Marktführerschaft beim Sekt behauptet

In der Sektkategorie ist Rotkäppchen-Mumm seit vielen Jahren Marktführer und konnte seine Spitzenposition mit einem Marktanteil von 50 Prozent im vergangenen Jahr erneut bestätigen. Im LEH-Ranking steht mit 36,2 Prozent Rotkäppchen weiterhin mit großem Abstand an der Spitze, und auch bei den alkoholfreien Sekten und Mixgetränken hängt die Marke mit 37 Prozent den Wettbewerb ab.
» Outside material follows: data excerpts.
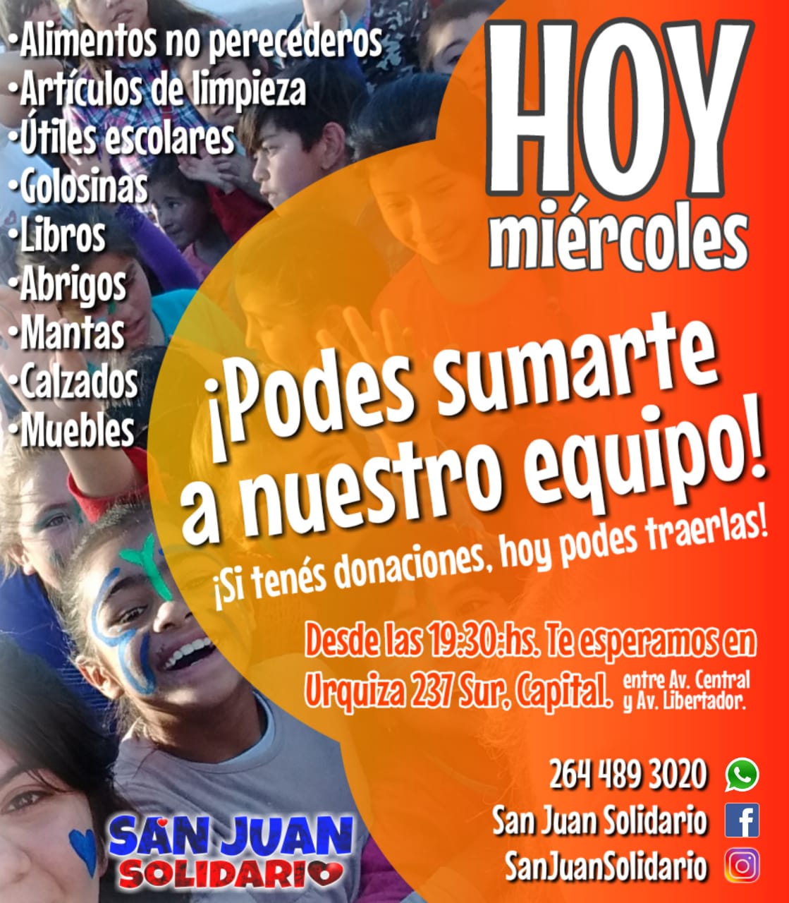 La recepción de donaciones se realizará en el Salón Apel, de calle Urquiza 237 Sur entre Av. Ignacio de la Roza y Libertador, este miércoles entre las 19 y las 21:30.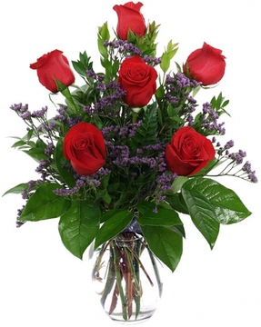 Fallegar Rauðar Rósir m/grænu og fjólubláu. ( Kort er innifalið í verði )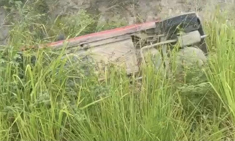 Um veículo saiu da pista e terminou capotando na tarde deste domingo (29), na Ba 120, no trecho de Elísio Medrado próximo ao Monte Cruzeiro.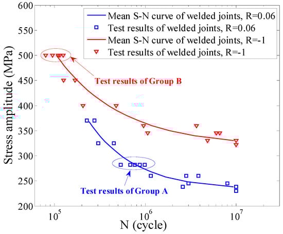 Relationships between the stress amplitude and the fatigue life of all the specimens are shown in Figure 4. Each symbol represents the result of one test sample. The sample was regarded as a runout if it did not fail within cycles. The fatigue life of samples of Groups A and B has been marked in Figure 4. The mean S–N curve was fitted by the experimental data based on the three-parameter S–N model proposed by Weibull: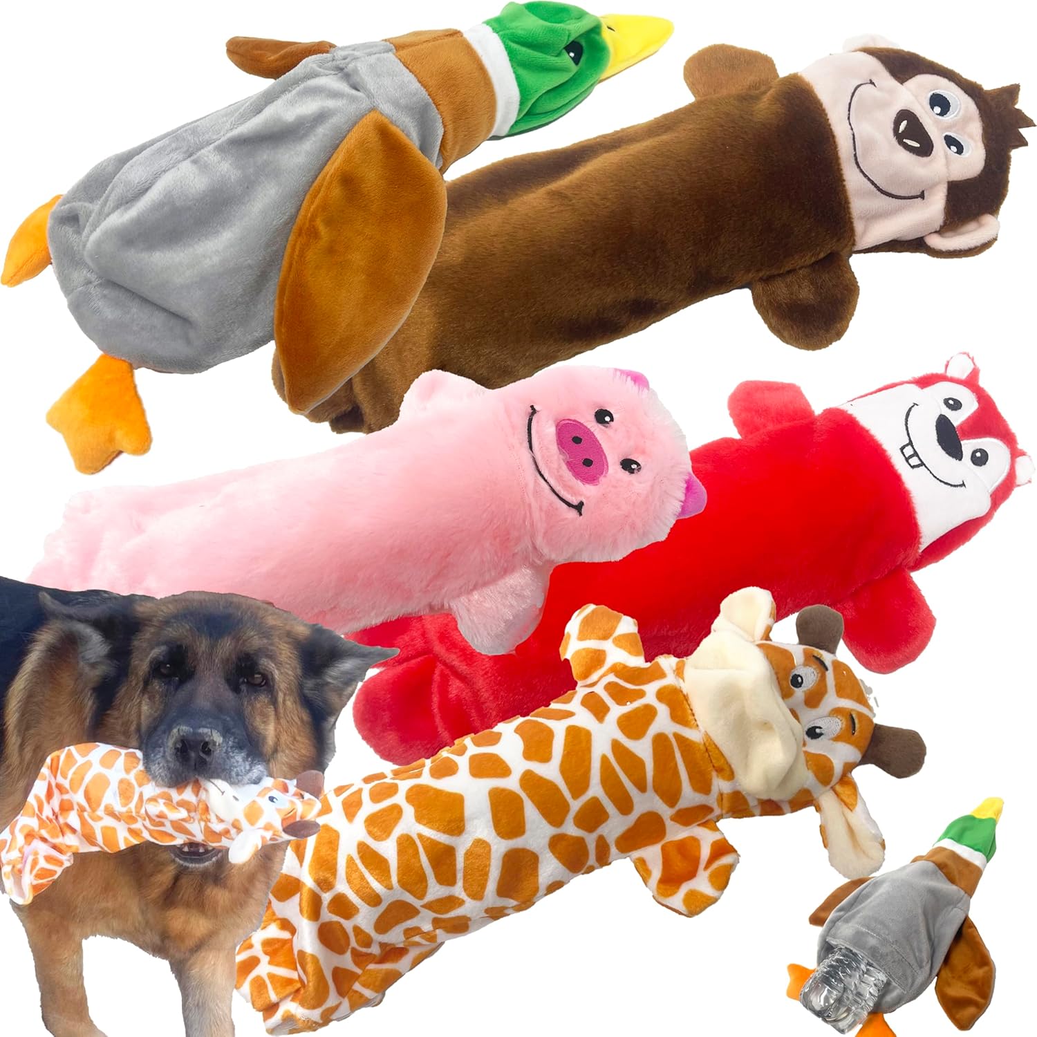 • SUPER VALUE &GREAT FUN: Includes 5 Stuffingless Animal Dog Toy. Each has an openning to place a plastic bottle inside for dogs who love chewing bottles or just some added fun.

Ein Ausblick in die nähere Zukunft sei derzeit „ein Wagnis“ resümierte am Ende Christof Queisser. Man müsse sich darauf einrichten, dass sich der Konsument durch die Pandemie verändert habe; alles, was man „in der Pipeline“ habe, müsse neu überdacht werden. Hinzukomme ein durch die verstärkte Konsolidierung im Handel noch aggressiveres Marktumfeld. Die Frage „Wie wollen wir einkaufen?“ werde vor dem Hintergrund der rasant zunehmenden Digitalisierung immer entscheidender. Alles in allem stehe man am Anfang eines „sehr herausfordernden Jahres 2021“.